Source: Econoday, February 19, 2021
The Econoday economic calendar lists upcoming U.S. economic data releases (including key economic indicators), Federal Reserve policy meetings, and speaking engagements of Federal Reserve officials. The content is developed from sources believed to be providing accurate information. The forecasts or forward-looking statements are based on assumptions and may not materialize.

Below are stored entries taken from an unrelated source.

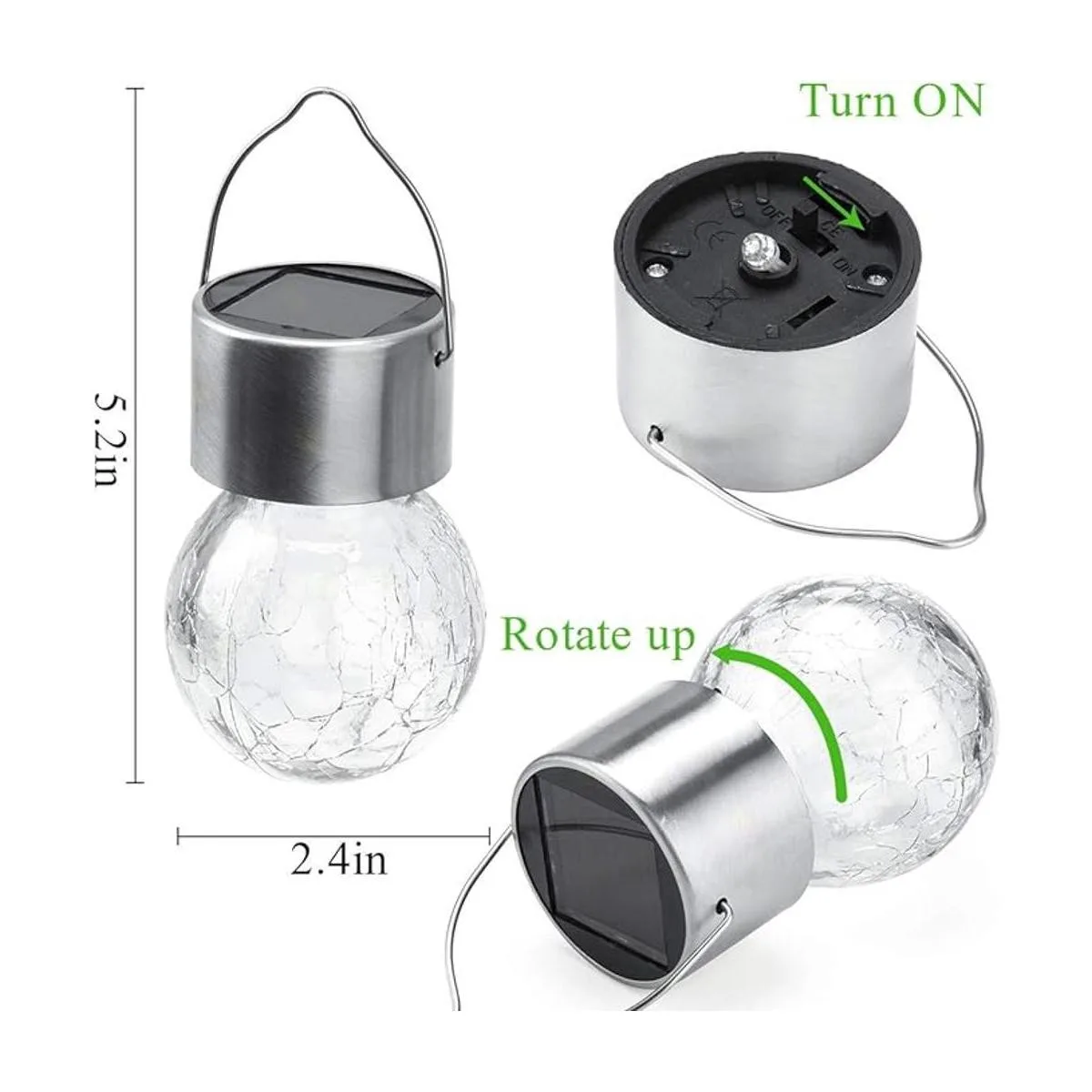 Material de alta calidad: con un globo de vidrio agrietado brillante, un gancho de acero inoxidable resistente y un LED brillante que cambia de color, añade un efecto de luz superior a tu jardín.
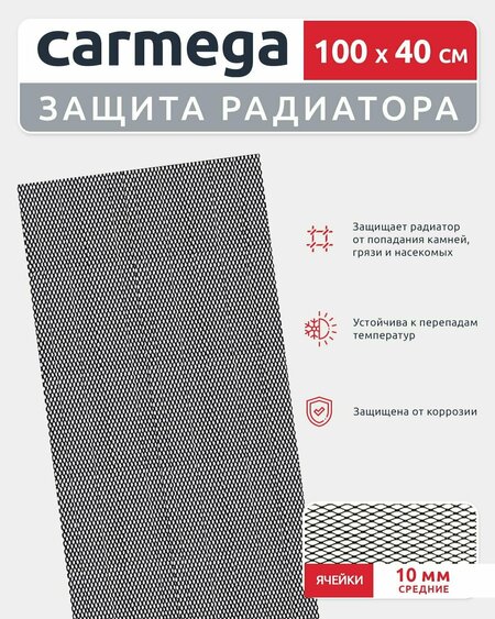 Сетка для защиты радиатора автомобиля Carmega: надежная защита и стильный вид Защита радиатора от повреждений Сетка для защиты радиатора Carmega надежно защищает радиатор автомобиля от попадания камней, насекомых, мусора и грязи во время движения. Это позволяет сохранить радиатор в хорошем состоянии и продлить его срок эксплуатации. Сетка не портит внешний вид автомобиля и не позволяет радиатору перегреваться, что делает ее отличным выбором для тех, кто ценит стиль и функциональность. Простота установки и подгонка под размер Сетка легко подгоняется под нужный размер с помощью ножниц по металлу. Это позволяет установить ее на бампер автомобиля, не теряя при этом прочность и жесткость. Для установки сетки на бампер автомобиля можно использовать хомуты, стяжки или саморезы. Важно убедиться, что решетка надежно закреплена и не двигается во время движения. Цвет и совместимость Сетка для защиты радиатора Carmega имеет стильный черный цвет, который подойдет для большинства автомобилей. Выбирая сетку для защиты радиатора Carmega, вы получаете надежную защиту радиатора вашего автомобиля, сохраняя его внешний вид и продлевая срок эксплуатации радиатора.
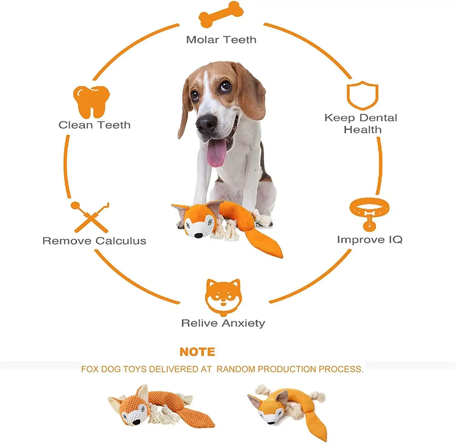 KTX-389075 Durable Interactive Plush Dog Toy with Squeaker – Cute Fox Design for Chewing and Anxiety Relief
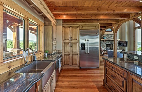 Find upscale family-friendly living indoors and out at this beautiful vacation rental! With uninterrupted 180-degree sunrise and sunset views over the water, this timber-frame, 5-bedroom, 5.5-bath retreat boasts stunning style. Choose between indoor and outdoor fireplaces, cook in the gourmet kitchen, or relax on the deck overlooking Sugar Loaf Mountain. Set between Fairfield Bay and Greers Ferry, the ideally located house is minutes from marinas, hiking, golf, UTV trails, dining, and shopping!
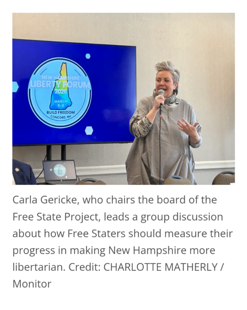 This is not an article about trans people. The article is about a movement of Libertarians in New Hampshire. Here is the caption of Carla’s photo. She is not trans. She is a woman.
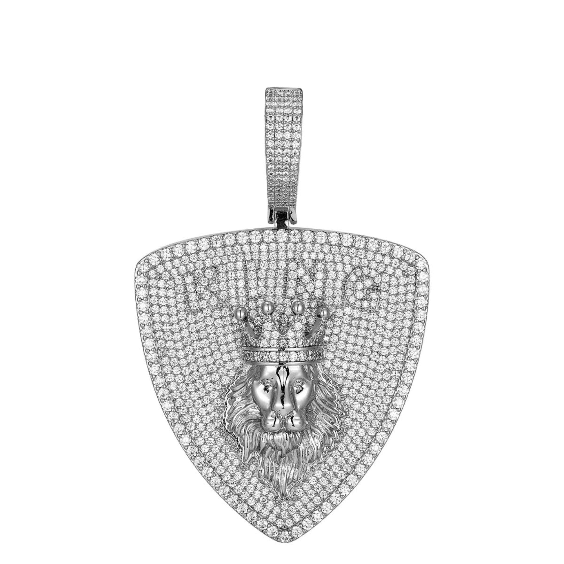 Sterling Silver Cubic Zirconia Lion Crown King Animal Pendant
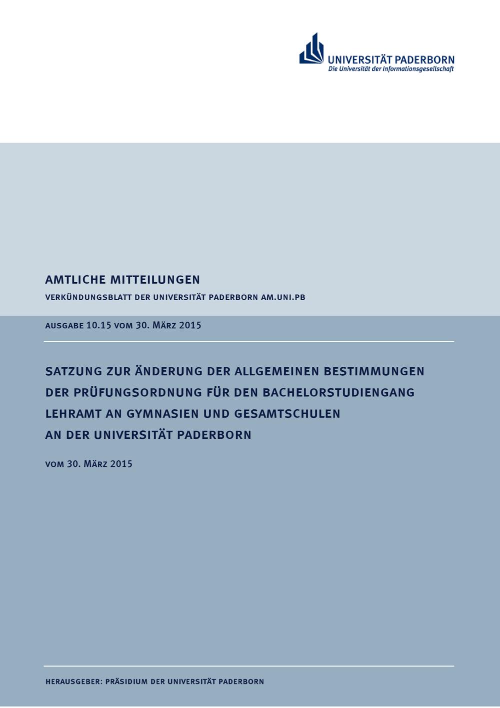 Satzung zur Änderung der allgemeinen Bestimmungen der Prüfungsordnung für den Bachelorstudiengang Lehramt an Gymnasien und Gesamtschulen an der Universität Paderborn : vom 30. März 2015
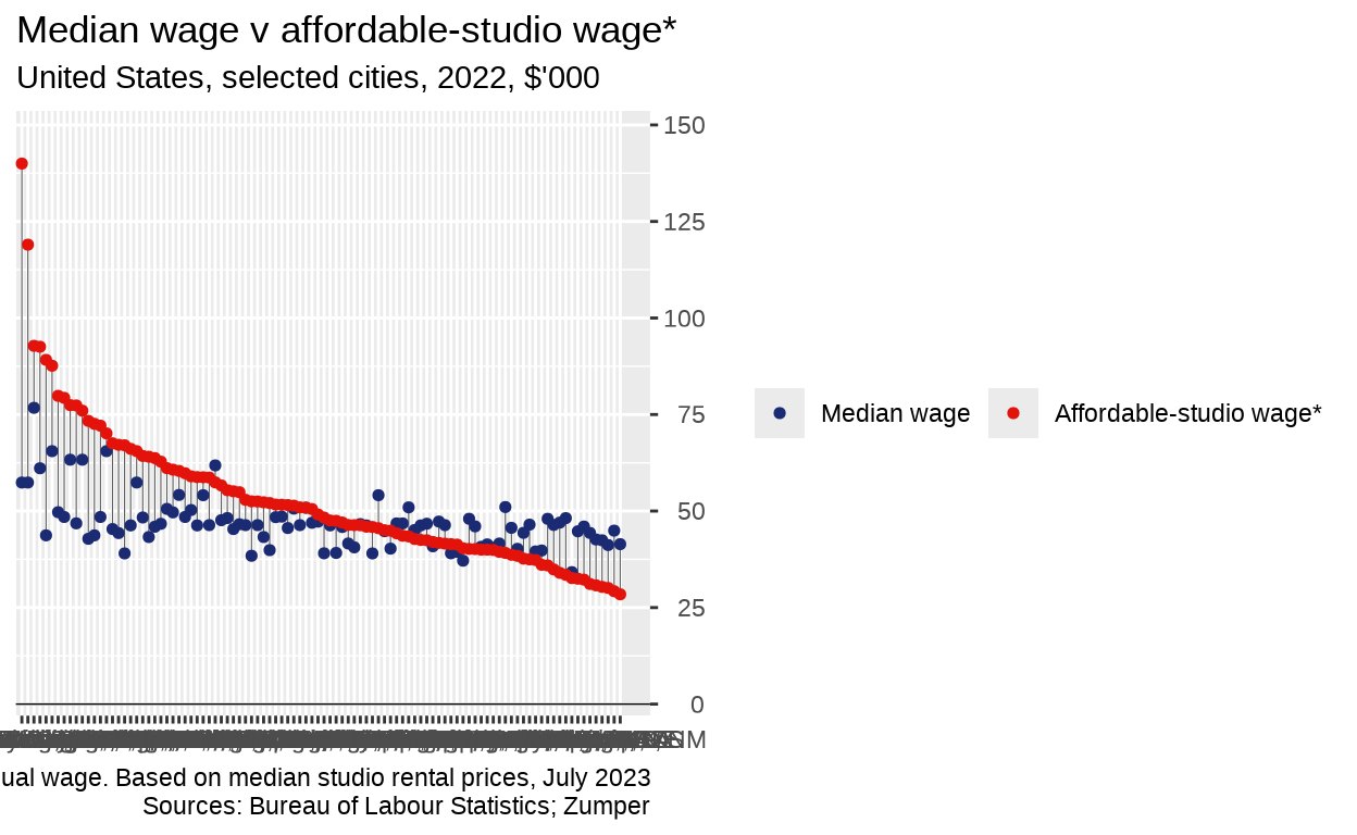 This double lollipop graph below, originally published by The Economist in 2023, compares the median wage to the affordable studio wage across cities in the United States. It highlights the growing housing affordability crisis and reveals where single renters face the greatest financial challenges. My objective is to recreate this graph as closely as possible using R, and then to propose an alternative visualization.

The forecasts also are subject to revision.
This Week: Companies Reporting Earnings
Monday: Palo Alto Networks (PANW).
Tuesday: Home Depot (HD), Intuit, Inc. (INTU), Ingersoll Rand, Inc. (IR).
Wednesday: Nvidia (NVDA), Etsy, Inc. (ETSY), Lowe’s Companies (LOW), TJX Companies (TJX), Teledoc Health, Inc. (TDOC).
Thursday: Salesforce.com (CRM), Best Buy (BBY), Workday, Inc. (WDAY), Dell Technologies (DELL), VMware (VMW), American Tower Corp. (AMT).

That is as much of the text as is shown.